WHAT YOU ARE ASKED TO DO: Each entry below is to be returned exactly, with any pictures left out.
MATERIAL FOR THIS EXERCISE START
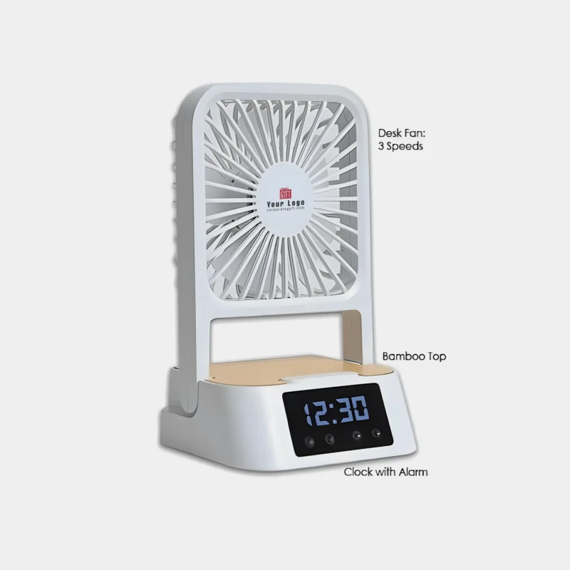 Designed to bring multiple desk essentials together in one compact form, the 5-in-1 desktop fan features a natural bamboo top that adds a premium look while fitting neatly on office desks, study tables, or bedside setups; is built in a slim 18.5×10×3.4 cm size to save space and maintain a clean workspace; is powered by an in-built 1200 mAh rechargeable battery for convenient cordless operation; and is integrated with a mobile stand, charging hub, desk clock with alarm, and a desk fan offering three adjustable speed levels, along with space available for custom logo and design printing, making it suitable for office desks, study tables, bedside use, and corporate gifting.
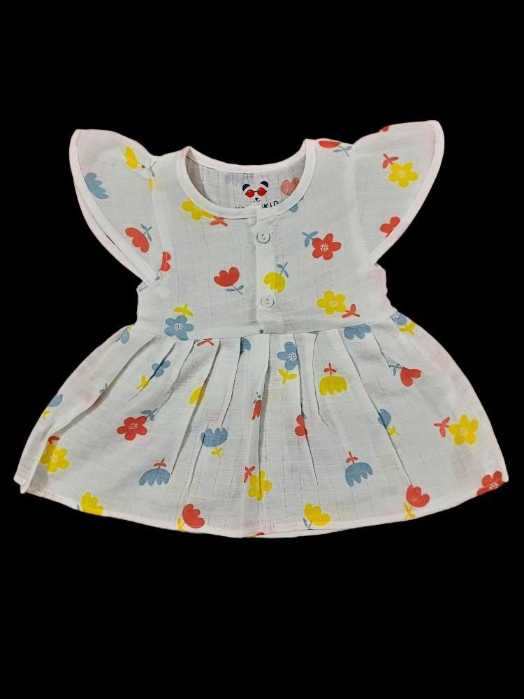 Dress your little one in comfort and style with this pack of 3 cotton frocks featuring adorable all-over prints on a soft white base. Designed with flutter sleeves and a gentle, breathable fit, these frocks are ideal for everyday wear, outings, or special occasions.
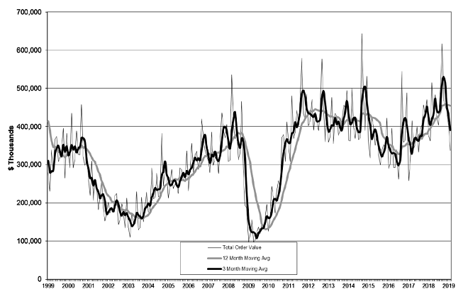 ▼2019년 2월 미국 공작기계 수주 현황 (Total U.S. Manufacturing Technology Orders Through February 2019)
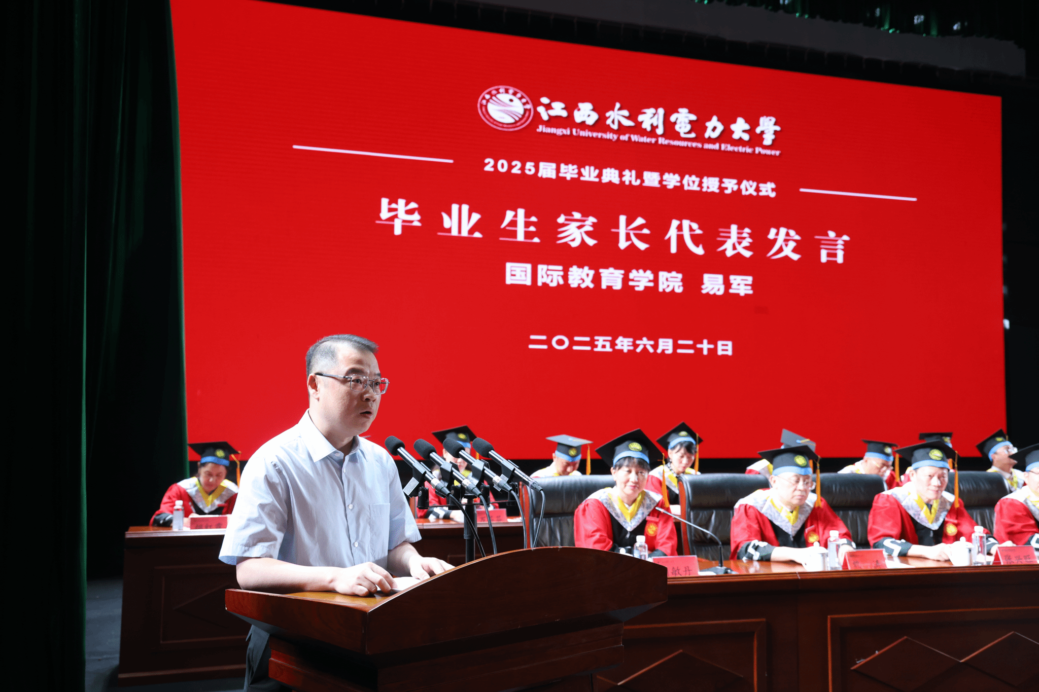 家长代表、江西水利电力大学国际教育学院2021级土木工程(中荷合作)专业易子焜父亲易军结合孩子在学校的成长,盛赞学校“以人格塑造启航梦想,用严谨治学涵养情怀”,向学校和教师致谢。
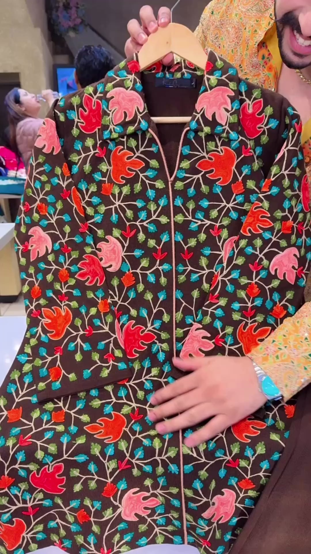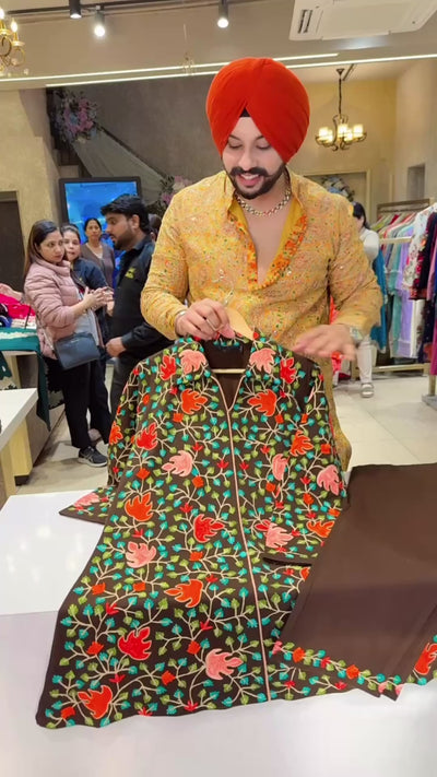 Dark Brown premium Woolen Collar Neck Heavy Kashmiri Embroidered long Length Coord set
MATERIAL FOR THIS EXERCISE END
ANSWER AREA:
 Designed to bring multiple desk essentials together in one compact form, the 5-in-1 desktop fan features a natural bamboo top that adds a premium look while fitting neatly on office desks, study tables, or bedside setups; is built in a slim 18.5×10×3.4 cm size to save space and maintain a clean workspace; is powered by an in-built 1200 mAh rechargeable battery for convenient cordless operation; and is integrated with a mobile stand, charging hub, desk clock with alarm, and a desk fan offering three adjustable speed levels, along with space available for custom logo and design printing, making it suitable for office desks, study tables, bedside use, and corporate gifting.
 Dress your little one in comfort and style with this pack of 3 cotton frocks featuring adorable all-over prints on a soft white base. Designed with flutter sleeves and a gentle, breathable fit, these frocks are ideal for everyday wear, outings, or special occasions.
 ▼2019년 2월 미국 공작기계 수주 현황 (Total U.S. Manufacturing Technology Orders Through February 2019)
 家长代表、江西水利电力大学国际教育学院2021级土木工程(中荷合作)专业易子焜父亲易军结合孩子在学校的成长,盛赞学校“以人格塑造启航梦想,用严谨治学涵养情怀”,向学校和教师致谢。
 Dark Brown premium Woolen Collar Neck Heavy Kashmiri Embroidered long Length Coord set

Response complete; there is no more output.